Gearing Up for 2023 Part II: Implementing the NIH Data Management and Sharing Policy
Sequels are all the rage these days. I figure if Marvel can make endless “Avengers” movies, I could start making blog sequels. Back in the beginning of the year, I wrote Part I of this blog series about how NIH is working to implement the new NIH Data Management and Sharing Policy (DMS Policy). I mentioned at that time that additional resources were forthcoming.
I should note that when we started to receive comments on what was to become the NIH DMS Policy, one thing in particular stood out to us. Many commentors told us it would be helpful to have clear information on how to protect the privacy and respect the autonomy of participants when sharing data.

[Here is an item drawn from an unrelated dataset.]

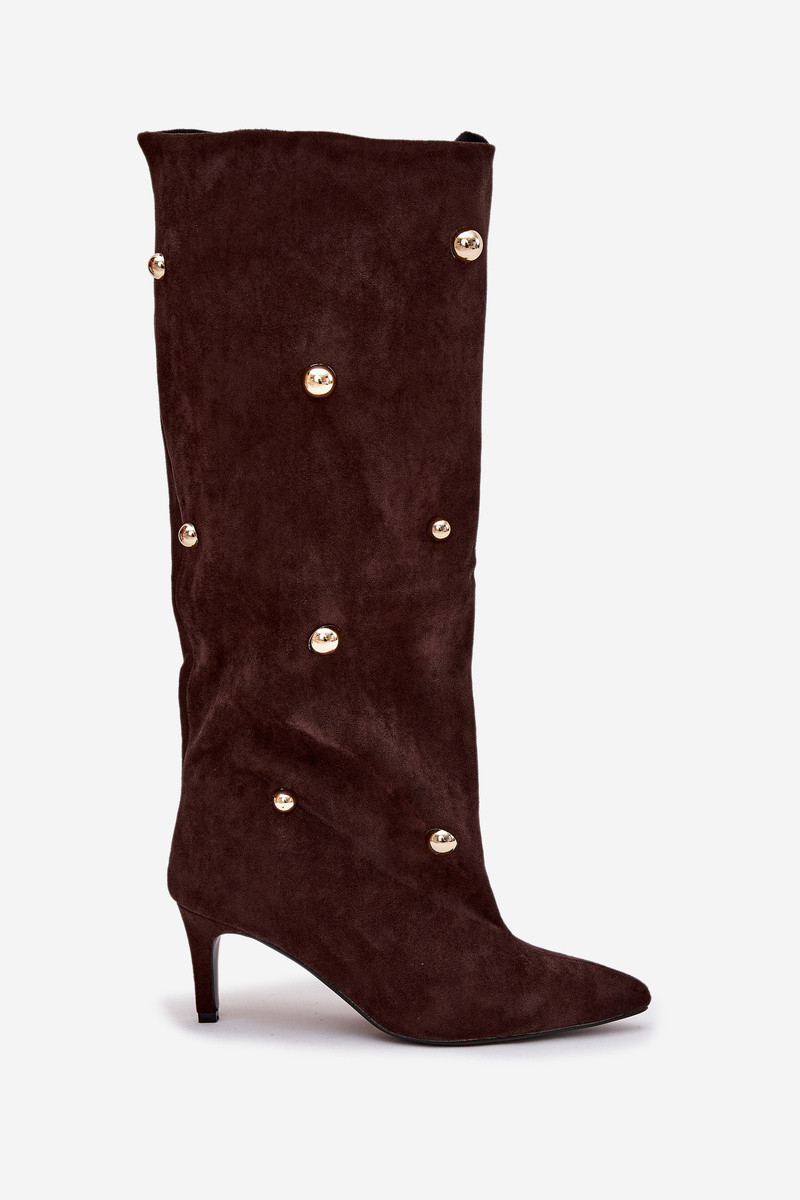 Um modelo atraente botas femininas com salto fino Ze cor douradami Ozdobami CzekoladoParae Thaliane
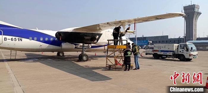 圖為國(guó)家增雨飛機(jī)新舟60(B-651N)在洛陽(yáng)機(jī)場(chǎng)開(kāi)展機(jī)載設(shè)備維護(hù)及任務(wù)系統(tǒng)升級(jí)工作。 甘肅省氣象局供圖

Now, we all know that cliffhangers build anticipation, so without further delay, I want to share with you some of the tools NIH has been working on to answer that call.
First, if you have seen the Avengers movies, you likely will have noticed that they tend to introduce a new villain that the team needs to battle with either new tools (think of OSP with Thor’s Stormbreaker axe) or the help of new superheroes like Captain Marvel. While not exactly a new villain, the lack of consistent consent language to facilitate secondary research with data and biospecimens is certainly a challenge many of our stakeholders have raised and one that we thought we could help address.

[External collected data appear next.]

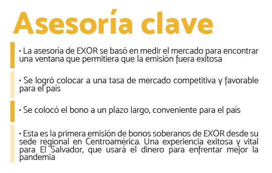 En la emisión del bono soberano de El Salvador, EXOR fungió como asesor de mercados. Su función principal fue, entonces, medir y evaluar el mercado diariamente y establecer las mejores fechas para la salida del bono, en medio de condiciones complicadas generadas en los mercados internacionales dentro del contexto de la pandemia.
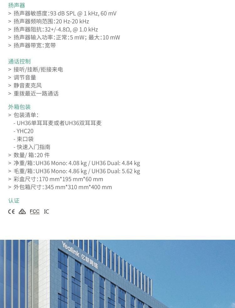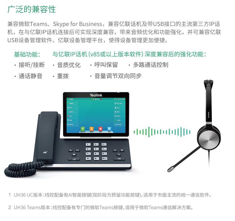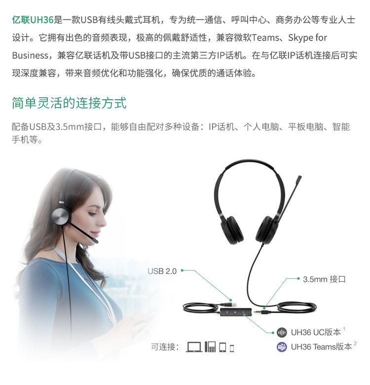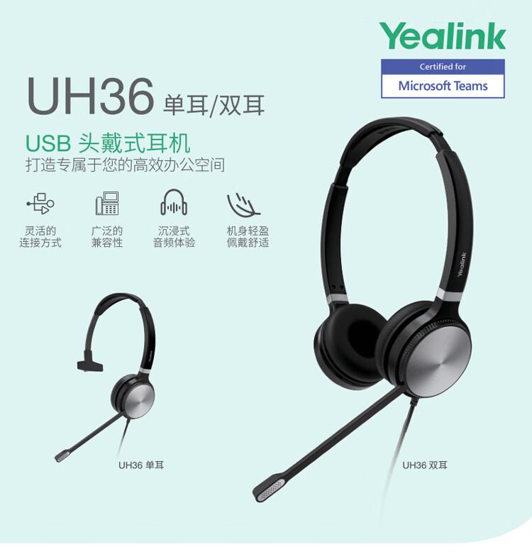 Yilian (Yealink)Auriculares monoaurales UH36Mono para oficina, centro de llamadas y teléfono.
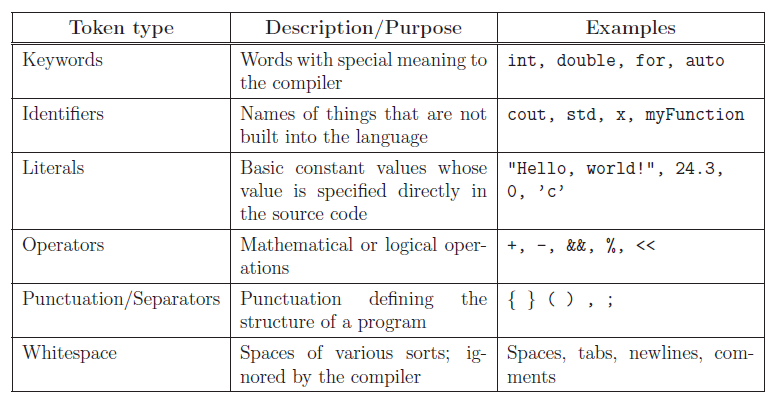 Tokens are the minimals chunk of program that have meaning to the compiler – the smallest meaningful symbols in the language. Our code displays all 6 kinds of tokens, though the usual use of operators is not present here:
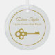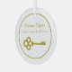 Cet ornement moderne de Noël de réacteur est fait sur mesure avec le nom de votre entreprise immobilière sous le nom de l'agent dans la typographie chic. Ce cadeau minimaliste d'or et de blanc présente une élégante clé de maison en or. Vacances contemporaines présentes pour un agent qui travaille pour vous aider à acheter une maison.
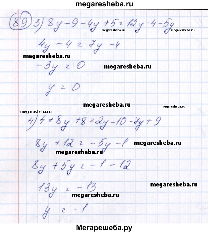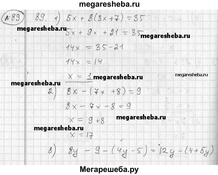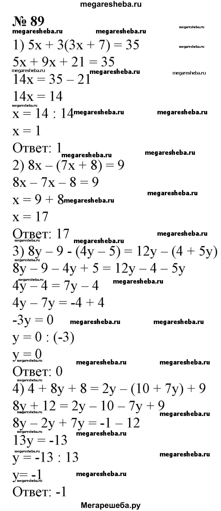 89. 1) 5х + 3(3х + 7) = 35; 2) 8х-(7х + 8) = 9; 3) 8у -9 - (4у - 5) = 12y - (4 + 5у); 4) 4 + 8y + 8 = 2y-(10 + 7y) + 9.

NIH has a long history of developing consent language and, as such, our team worked across the agency – and with you! – to develop a new resource that shares best practices for developing informed consents to facilitate data/biospecimen storage and sharing for future use. It also provides modifiable sample language that investigators and IRBs can use to assist in the clear communication of potential risks and benefits associated with data/biospecimen storage and sharing. In developing this resource, we engaged with key federal partners, as well as scientific societies and associations. Importantly, we also considered the 102 comments from stakeholders in response to a RFI that we issued in 2021.
As for our second resource, we are requesting public comment on protecting the privacy of research participants when data is shared. I think I need to be upfront and acknowledge that we have issued many of these types of requests over the last several months and NIH understands the effort that folks take to thoughtfully respond. With that said, we think the research community will greatly benefit from this resource and we want to hear your thoughts on whether it hits the mark or needs adjustment.

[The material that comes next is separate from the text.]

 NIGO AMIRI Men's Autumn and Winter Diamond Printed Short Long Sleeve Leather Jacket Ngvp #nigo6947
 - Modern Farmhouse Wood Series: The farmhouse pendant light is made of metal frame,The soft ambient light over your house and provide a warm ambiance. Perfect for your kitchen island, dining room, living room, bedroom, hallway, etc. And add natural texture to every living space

When reviewing the document, please bear in mind that the main purpose is to provide researchers with information on:
- Operational Principles for Protecting Participant Privacy when Sharing Scientific Data
- Best Practices for Protecting Participant Privacy when Sharing Scientific Data
- Points to Consider for Designating Scientific Data for Controlled Access
Comments on the draft will be accepted until June 27, 2022, full information and how to submit a comment can be found here.
Finally, every sequel needs a twist ending! In November 2021, NIH published a request for comments on the future directions of the NIH Genomic Data Sharing Policy. We are still reviewing the many points and perspectives that were raised, but while we consider next steps, the comments we received are now available on the OSP website. Okay, so maybe that twist wasn’t as big as, say, Darth Vader revealing he is (spoiler alert) Luke’s father in The Empire Strikes Back, but it’s still pretty good for the science policy world.
With a little more than half a year left until the implementation date of the NIH DMS Policy, we will continue to provide updates and resources over the next several months.